With help of Knight Frank India, we take a look at reasons behind increase in rentals in top six cities:
Bengaluru: Bengaluru retained the top slot for the highest office space transactions in the country in the first half of 2016 (H1 2016), citing substantial occupier interest, the demand being driven primarily by the IT/ITeS sector, with big players such as Google, Infosys, HP and TCS occupying large spaces, which resulted in H1 2016 emerging as the period with the highest transaction in four years, falling marginally short of the H1 2011 level. The city’s office market clocked a total transaction space of 6.1 mn sq. ft. during the period January–June 2016, almost matching the 6.01 mn sq. ft. of space transacted during the corresponding period in 2015.

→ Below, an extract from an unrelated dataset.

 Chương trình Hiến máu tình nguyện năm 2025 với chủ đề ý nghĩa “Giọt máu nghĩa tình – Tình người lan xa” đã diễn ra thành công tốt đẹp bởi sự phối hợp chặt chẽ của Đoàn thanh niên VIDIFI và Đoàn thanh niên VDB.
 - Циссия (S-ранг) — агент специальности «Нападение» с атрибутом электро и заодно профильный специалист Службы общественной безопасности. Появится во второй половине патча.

Chennai: The Chennai office market has traditionally been anchored by the IT/ITeS sector, but recent periods— especially the last 18 months— have seen the manufacturing and other services sectors also gaining in market share. The BFSI sector, which had built some momentum over the last four periods, saw its share plummet to 12%, as BFSI majors could not expand or set up new back office operations due to the lack of large format office spaces. The IT/ITeS sector continues to be the largest consumer in the Chennai office space market. H1 2016 witnessed the maximum number of transactions during this period, as occupier demand continues to remain strong even at lower deal sizes. This bodes well for the market and depicts its underlying strength.

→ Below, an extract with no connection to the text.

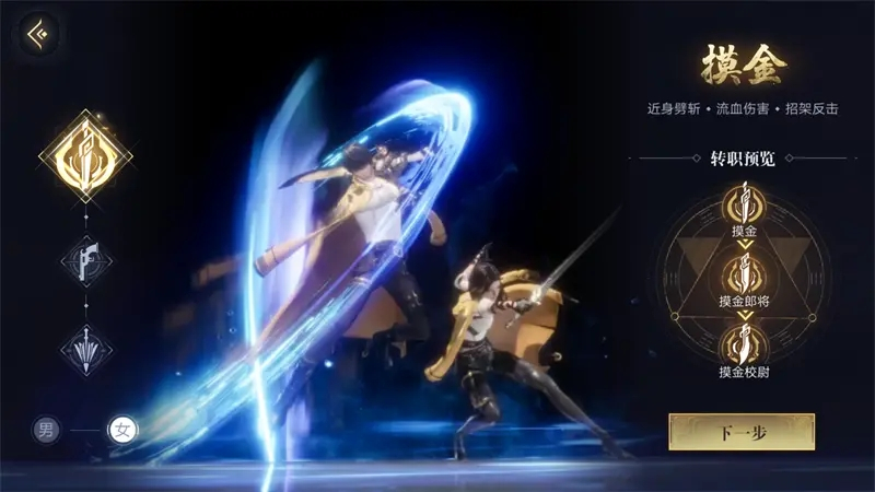 摸金职业以近战攻击为主,转职后分为强攻和守御两个方向。强攻系强调连续输出和吸血能力,适合喜欢主动出击的玩家;守御系则注重防御反击,适合稳健风格的玩家。游戏还提供了丰富的技能选择,让玩家可以根据自己的喜好打造独特的角色。

Hyderabad: There is ample demand for office space in the Hyderabad market – incentives offered to IT/ITeS companies by the state government and affordable rentals are attracting a number of occupiers to the city. The Hyderabad office market experienced approximately 3.6 mn sq. ft. and 2.8 mn sq. ft. of supply and transaction activity, respectively, during H1 2016 – a 140% and 91% growth, respectively, compared to the same period in the previous year. The IT/ITeS sector took the major share of the transaction pie in H1 2016. Nearly 1.6 mn sq. ft. of office space was transacted by IT/ITeS occupiers, which is a 168% jump compared to the same period in 2015. Hyderabad continues to attract IT/ ITeS occupiers due to its well-developed infrastructure, well qualified talent pool, the availability of large office campuses and lower rentals compared to other markets.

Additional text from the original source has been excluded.